» **TASK**
From the listing below, output only the lines starting at the line that has "Na pierwszy rzut" and ending at the line that has "3、挑选一个你希望加入的司机平台,点击进入该平台。", exactly as they appear, ends included.

» **RECORDS FOR THIS TASK**
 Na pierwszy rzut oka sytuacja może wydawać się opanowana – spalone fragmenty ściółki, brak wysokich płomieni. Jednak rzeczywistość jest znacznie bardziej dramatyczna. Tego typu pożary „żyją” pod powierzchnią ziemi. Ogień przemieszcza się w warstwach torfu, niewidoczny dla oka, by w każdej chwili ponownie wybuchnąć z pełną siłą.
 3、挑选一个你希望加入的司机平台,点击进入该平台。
* * *
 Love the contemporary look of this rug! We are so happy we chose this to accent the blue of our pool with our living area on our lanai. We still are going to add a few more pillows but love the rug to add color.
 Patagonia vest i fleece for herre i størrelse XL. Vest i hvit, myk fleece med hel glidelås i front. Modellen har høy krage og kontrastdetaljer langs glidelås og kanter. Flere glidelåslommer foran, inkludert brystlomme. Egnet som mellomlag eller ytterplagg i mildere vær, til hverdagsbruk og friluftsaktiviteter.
---
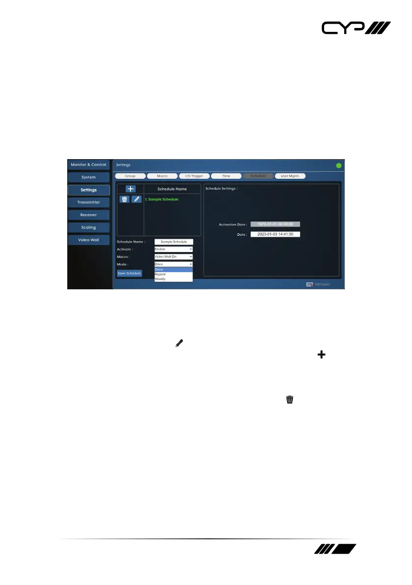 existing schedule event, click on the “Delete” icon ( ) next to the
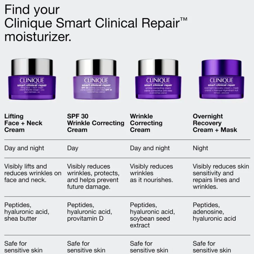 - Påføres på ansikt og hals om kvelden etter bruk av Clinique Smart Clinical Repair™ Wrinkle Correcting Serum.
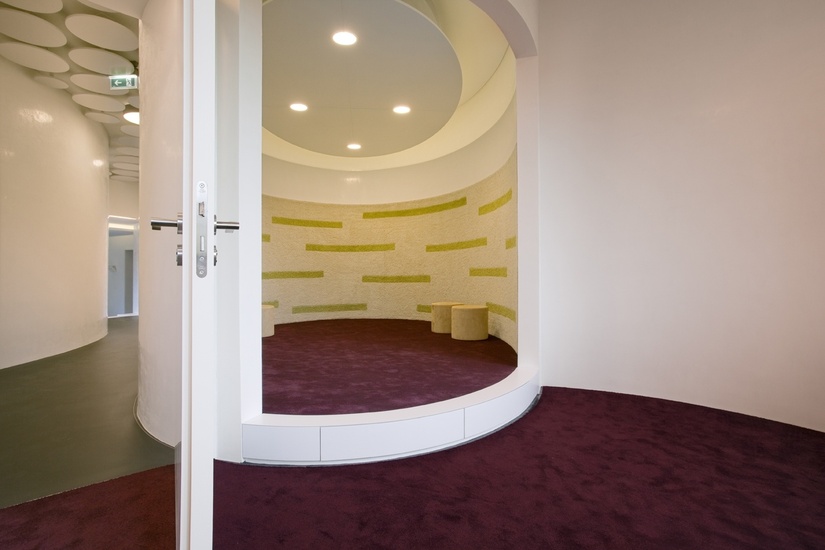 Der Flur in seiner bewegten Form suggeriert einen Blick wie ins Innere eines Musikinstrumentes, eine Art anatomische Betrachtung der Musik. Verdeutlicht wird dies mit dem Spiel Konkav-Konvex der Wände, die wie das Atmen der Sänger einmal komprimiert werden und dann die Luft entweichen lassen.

» **EXPECTED ANSWER**
 Na pierwszy rzut oka sytuacja może wydawać się opanowana – spalone fragmenty ściółki, brak wysokich płomieni. Jednak rzeczywistość jest znacznie bardziej dramatyczna. Tego typu pożary „żyją” pod powierzchnią ziemi. Ogień przemieszcza się w warstwach torfu, niewidoczny dla oka, by w każdej chwili ponownie wybuchnąć z pełną siłą.
 3、挑选一个你希望加入的司机平台,点击进入该平台。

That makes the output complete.